With funding from the Engineering and Physical Sciences Research Council, Bond and his collaborators have set out to compensate for the flaw with hollow glass fibers inspired by biological systems. “Most natural materials have an ability to heal and look after themselves when they’re damaged,” he said. With a similarly arranged network of vessels at vulnerable spots like the underbelly, doors, hatchways, wheel wells and wing bottoms, he reasoned, so might an aircraft.

Like clotting blood
At its base, the hierarchical system his team designed boasts a two-part epoxy system. The epoxy and a hardener fill adjacent hollow glass fibers that, when broken due to a debris strike or other damage, release their contents and mix to form a plug, somewhat akin to clotting blood. Matched pairs of those filled glass fibers are arranged within the plane’s structural skin, a larger network of carbon fibers embedded in stacked layers of plastic.

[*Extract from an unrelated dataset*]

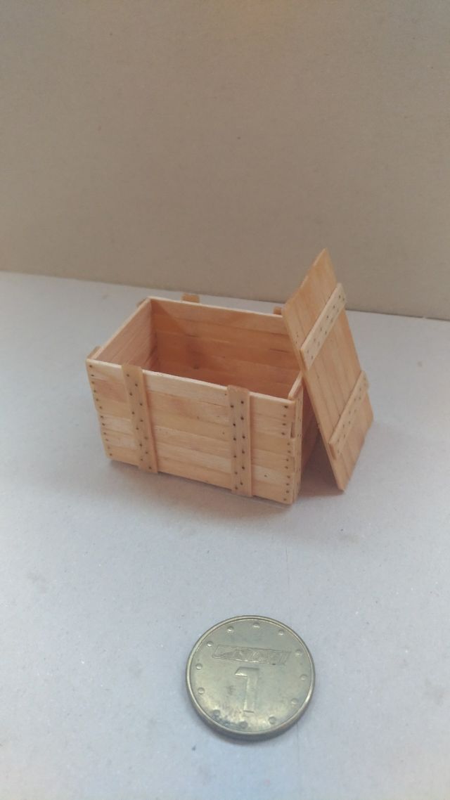 Mini cajón o arca de madera color pino , artesanal , 3,5x5cm y 3,6cm de alto , desconozco la escala , más en mi perfil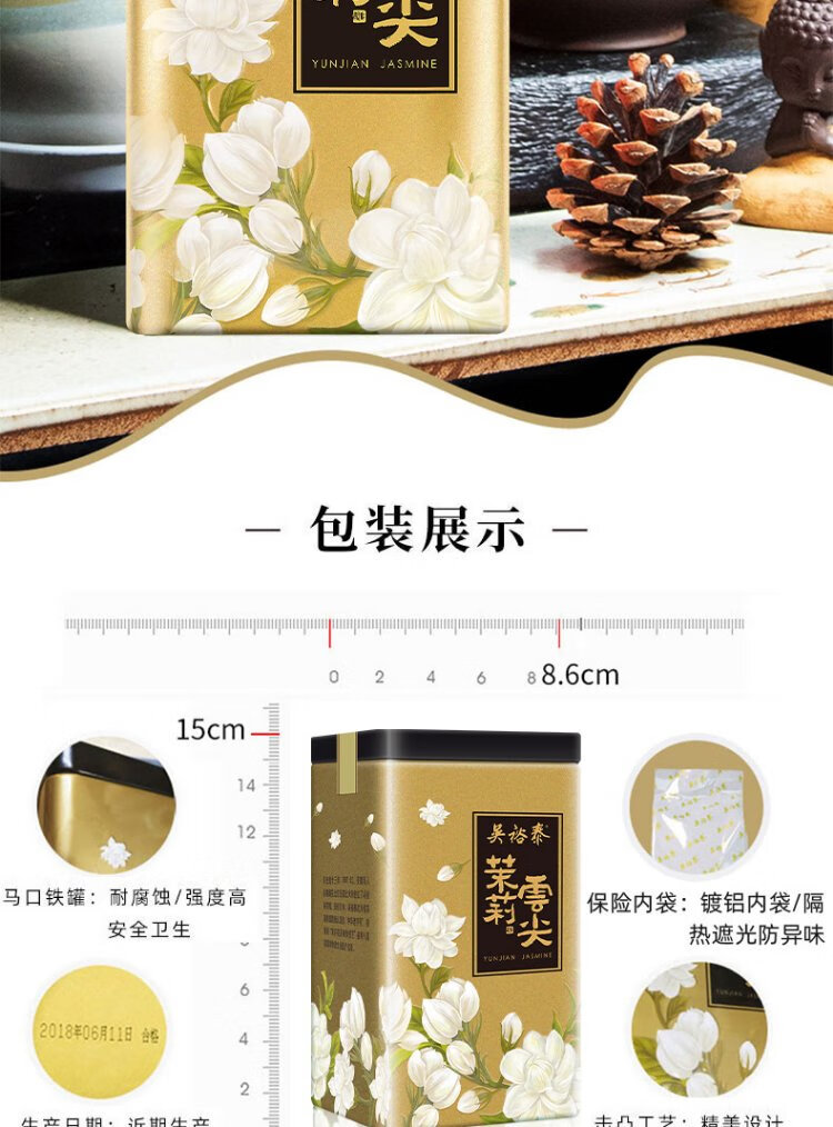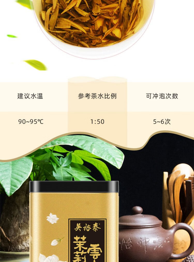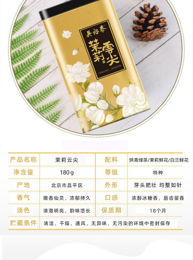 Wu Yutai Tea Scented Tea Herbal Tea Jasmine Tea Jasmine Yunjian 180g/can Strong Fragrance Special Affordable

Adding a fluorescent dye to the epoxy could mark patched-up damage in need of more permanent repairs, though it would work only on fairly translucent surfaces. “The analogy is very much a bruise,” Bond said. “You hurt yourself and you know you’ve been hurt.”

For black carbon fiber composites not amenable to a color change, magnetic nanoparticles could be added to the epoxy and a handheld magnet-based scanner used to detect changes in their relative distribution due to a newly formed epoxy plug.

Highlighting both the difficulty and desire to effectively detect aircraft damage, other scientists have turned to an infrared camera that points out defects below the surface, ultrasonic waves that monitor the growth of defects that could become cracks, and optical fiber sensors that measure strains and temperatures within the composite structure in real time.